There’s so many examples. One might be the fight for equality over the past number of years. We’ve made so many strides forward; it seems like we’ve made so much progress in the fight for racial equality and the women’s movement. And yet we continue to run up against unseen forces that leave us uncertain. Could it be that those forces are our own strivings, the ways in which if our efforts aren’t rooted in God’s strivings, we still end up losing? (2)

The issue we’ve named in recent weeks is economics. Our capitalist form of economics is undoubtedly the best that has ever come along, the best of our human strivings. But there is the uncertainty which Mr. Mieczkowski names, represented by some in our community who are losing out because of plant closings. Despite our best efforts, our striving would be losing. There’s so many other areas: health and education, family, science and technology. The bottom line is that when these things are seen as our strivings only, we still end up losing somehow.

Why? It doesn’t seem fair. Yet I believe that Jesus is the Word of Eternal Life which has come to show us why, and to promise us that God sent him to make it different. That rooted in Jesus, and in his striving, which were God’s strivings, we could know and experience God’s kingdom, where everyone is a winner. Jesus showed us why our best strivings aren’t good enough. He showed us that, when in our own strength we confide, our desirings always turn to losing. Our desirings, our strivings, begin to conflict with one another until we rival one another and resent one another. Peter got it right in this morning’s gospel reading, but by the end of the Gospel story, we see how even Peter and the disciples end up playing the games of rivalry. They ended up vying for the best positions around Jesus, who would sit on the right and the left, who would be first among them. All that rivalry and resentment threatens to blow us apart, to make it impossible for us to live together in community — until it finally finds its own way of coming together: by focusing on one who’s to blame for the mess. Our desiring and striving finally come together by picking at least one loser, one scapegoat, if you will. Jesus was willing to take the place of even the scapegoat, to be the Lamb of God who we chew up. ‘When we in our own strength confide, our striving turns to losing.’ Someone always loses. The cross reveals to us that the foe, in essence, is us. Even the powers that go beyond simple flesh and blood are our strivings which leave God’s strivings out of the equation.

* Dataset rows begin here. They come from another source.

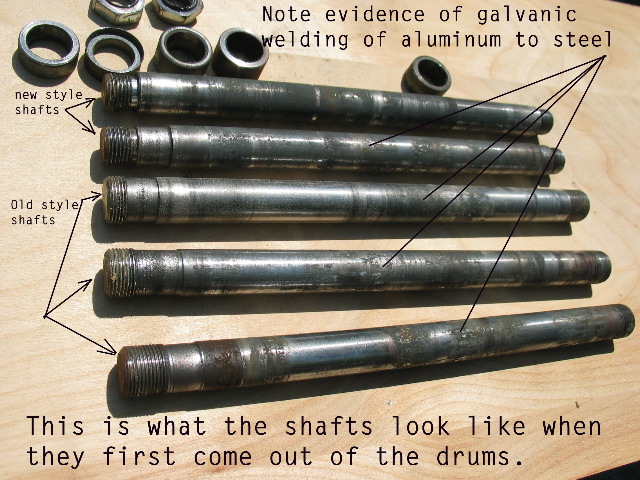 From Bob Vaughan. Details of upper shaft problems resulting from operator ignoring symptoms of bearings going bad. Also, note the problems one will have when pressing the shafts out of the drums.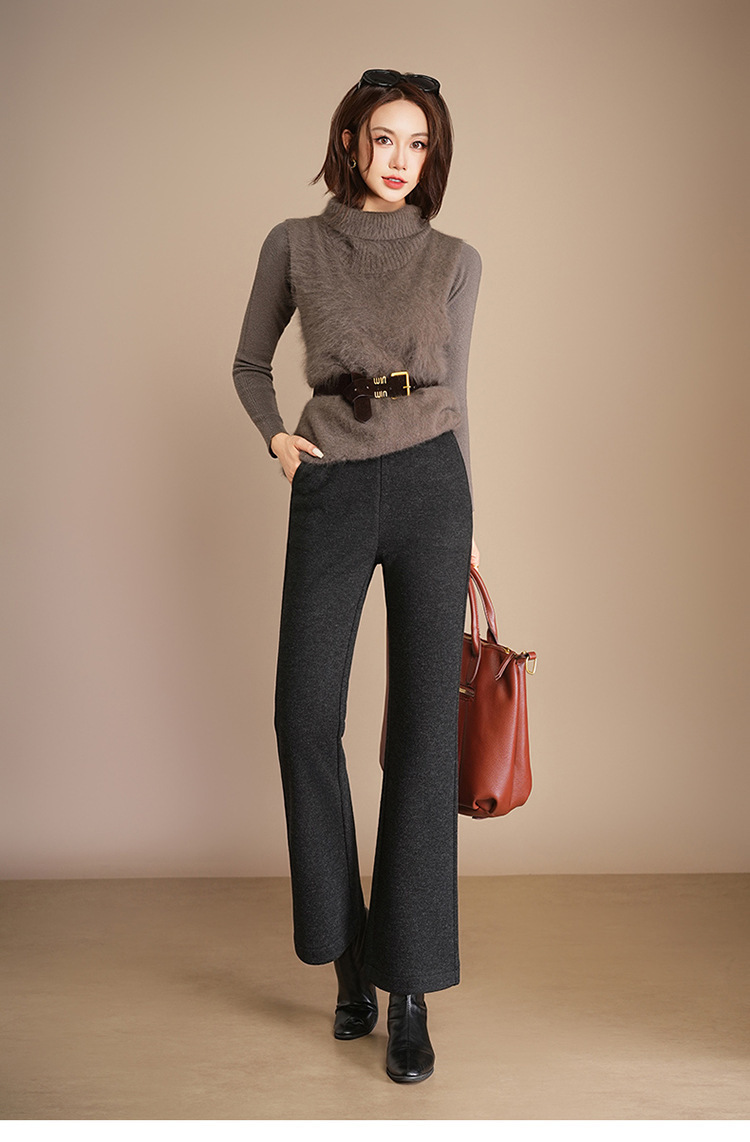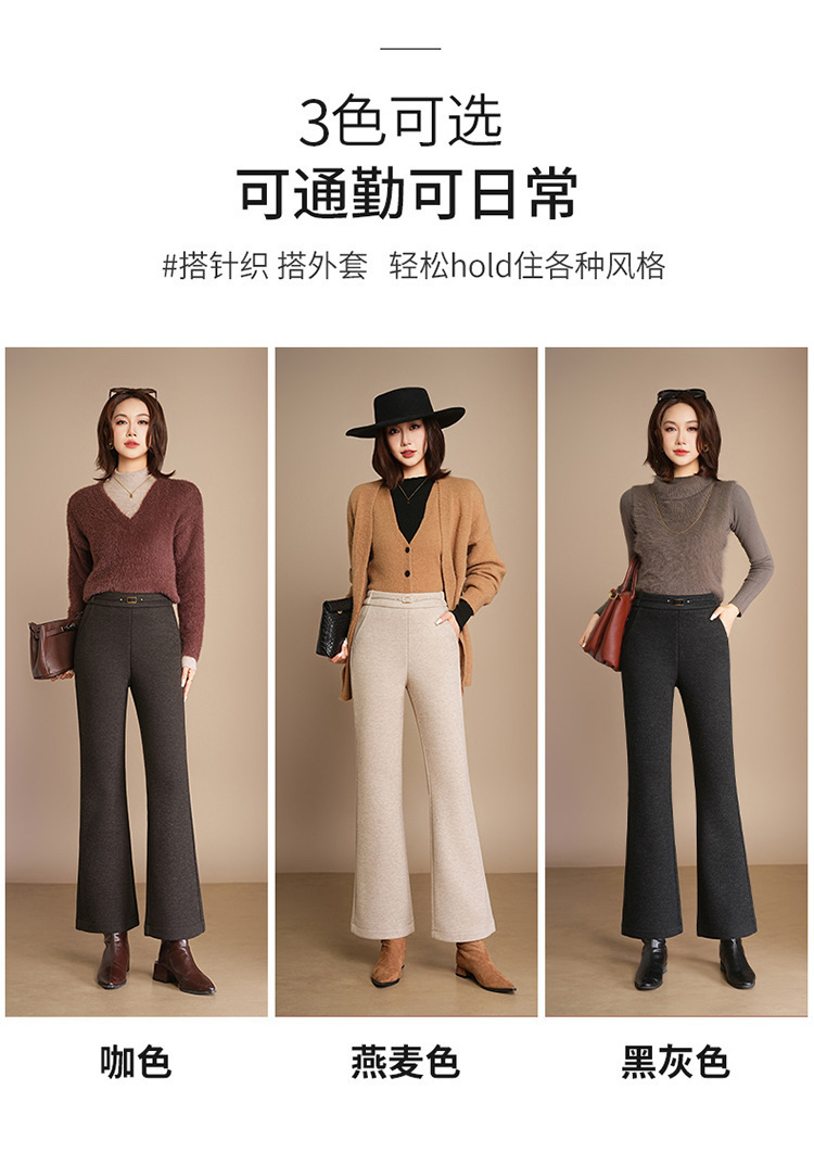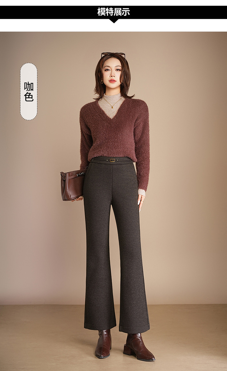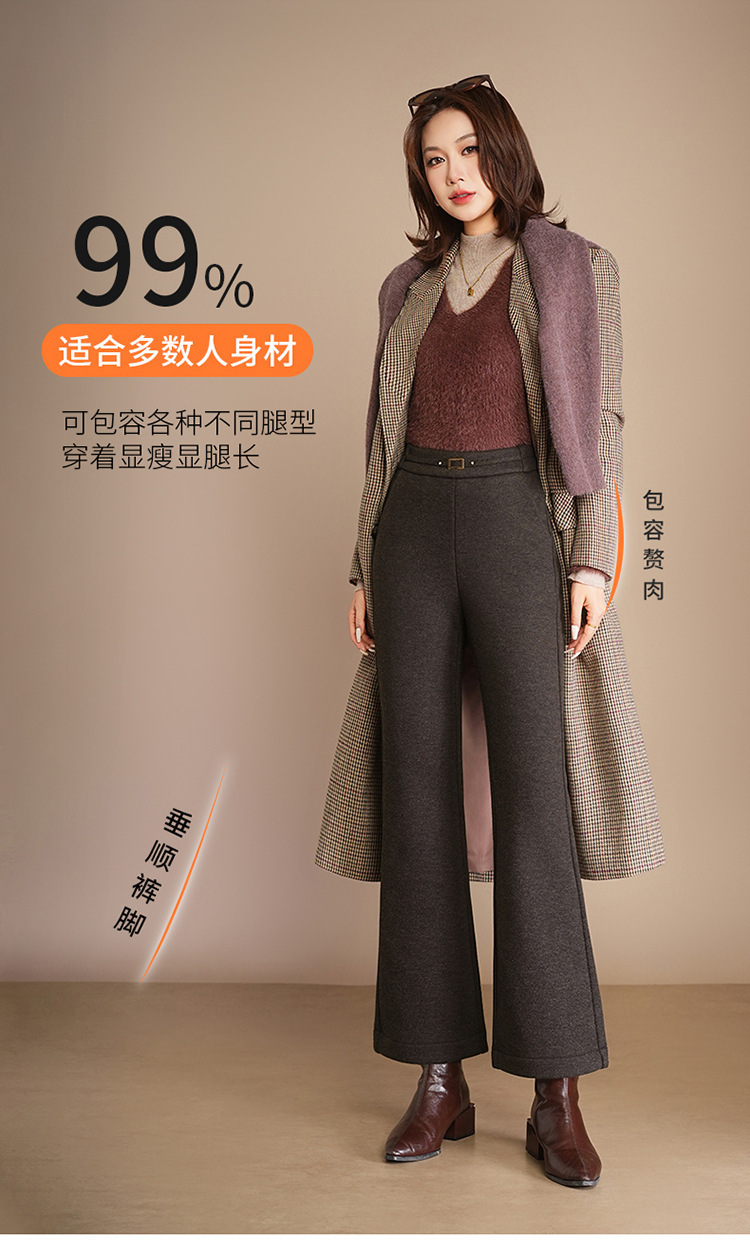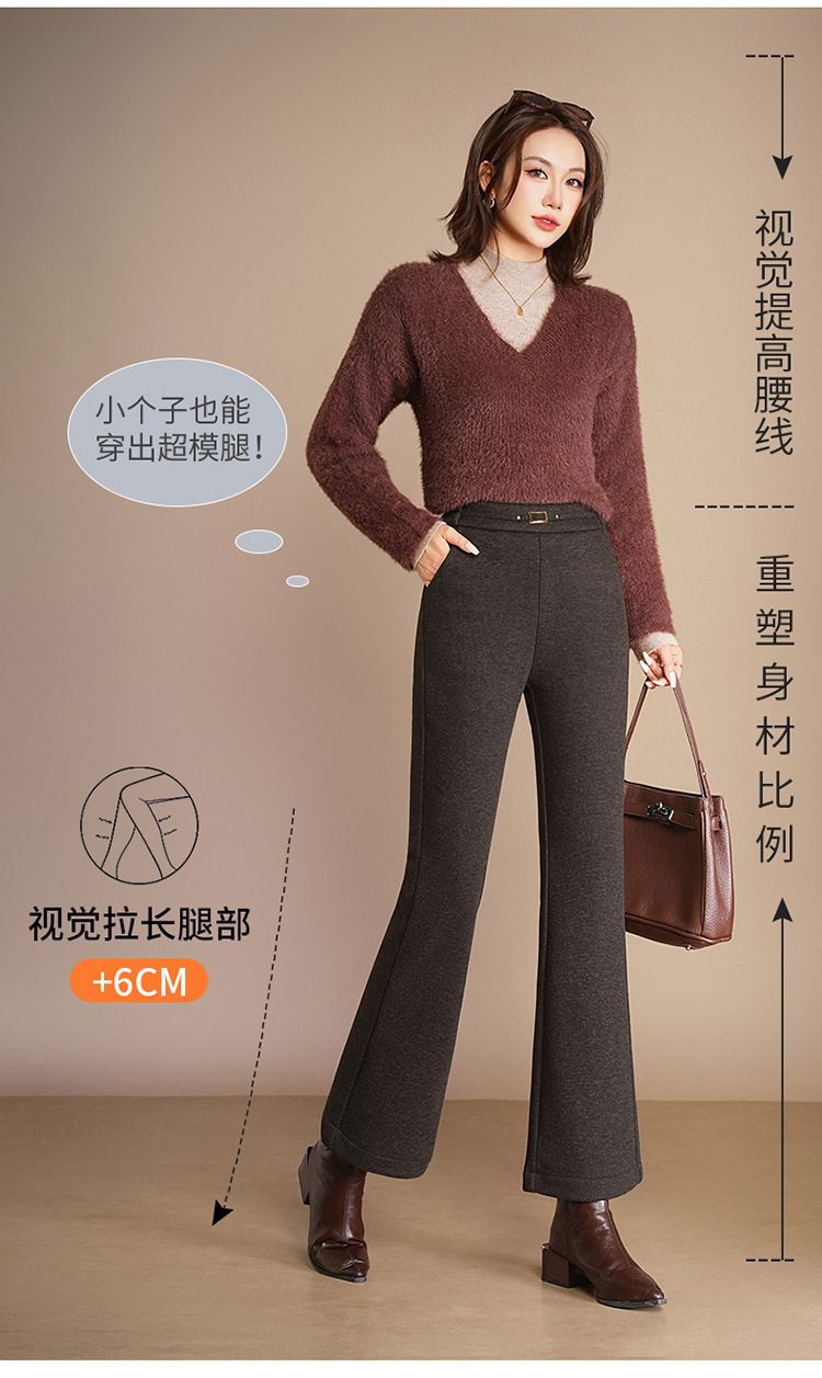 小个子加绒时尚羊毛呢微喇裤,松紧高腰显瘦显腿长直筒MYX2805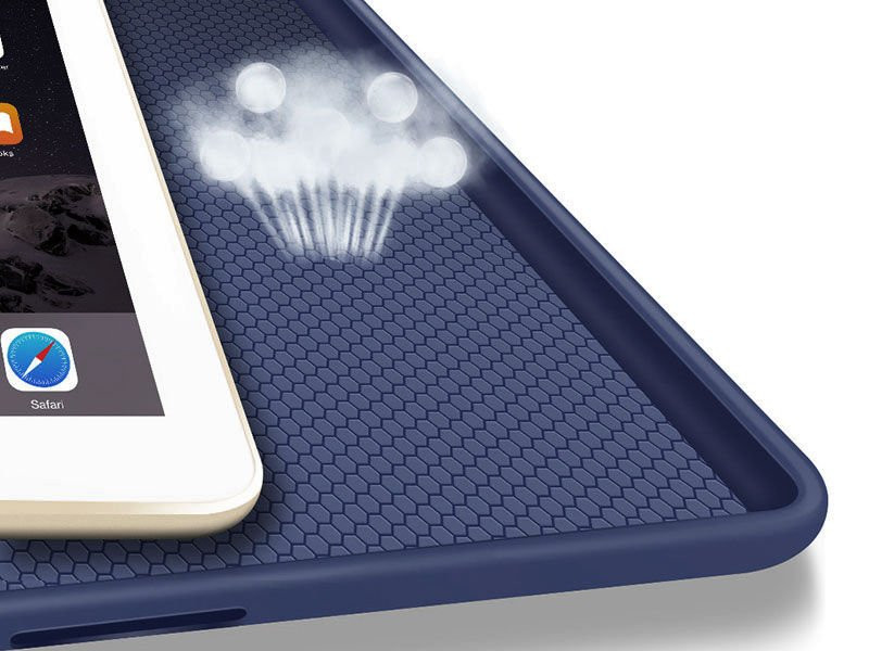 Całość została wykonana w starym stylu tzw. książki, w którym zarówno przednia nakładka jak i tylna stanowią jedność. Tylny panel jest wykonany z elastycznego TPU, dzięki czemu idealnie przylega do iPada. Dodatkowo panel ten został wyposażony w technologię poduszek powietrznych, co gwarantuje jeszcze większe bezpieczeństwo naszego urządzenia podczas niespodziewanych upadków, a specjalna struktura "sieci pajęczej" zabezpieczy urządzenie przed przegrzaniem. Etui posiada funkcję wybudzania urządzenia - Sleep / Wake, co wpływa znacząco na dłuższą żywotność baterii.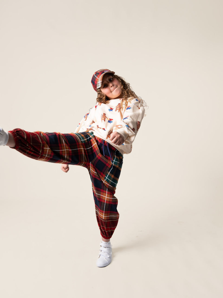 Covered in character and fun, this French Terry Pullover features an all over Tiger the Postie print set against a soft neutral base. The repeated illustrated artwork creates a bold yet easy to style everyday piece, perfect for curious minds.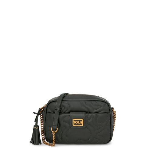 Small TOUS shoulder bag from the Kaos Dream collection in padded polyurethane in the shape of bears with a green leather effect finish. Long adjustable shoulder strap. Zip closure. One inside pocket and two flat outer pockets. Measurements: 8 x 25 x 16 cm.

But Jesus also came as the Bread of Life. This is one time when our striving began to turn in God’s direction — not because we did something differently. No, our strivings ended up with the same old sacrifice. The difference was with God: that God had sent the Son this time as the one for us to sacrifice, and then raised him as the promise of something different. When we chew him up this Lamb of God, he forgives us, and he feeds us with God’s love, God’s strivings, so that when we go out our striving can be changed into something else besides losing: serving the Lord, going in peace.

Can we really do God’s strivings and not just our own? Yes, and an essential part of that is ‘praying in the Spirit.’ And we came here this morning to do that, too, so let’s get on with it….

Paul J. Nuechterlein,
Delivered at Emmaus Lutheran,
Racine, WI, August 26-27, 2000

Notes

1. Martin Luther, “A Mighty Fortress,” verse 2, trans. by Frederick H. Hedge, 1853 (from the United Methodist Hymnal, 1989, #110).

2. For an insightful look at the women’s movement, see Deadly Innocence: Feminism and the Mythology of Sin, by Angela West (London: Mowbray, 1995). A supporter and insider to the women’s movement, Ms. West takes an honest look at how folks within the movement so often came to rival one another and fight with one another; and so she takes a closer look at the Christian doctrine of original sin, seeing many things that might be classified as very Girardian.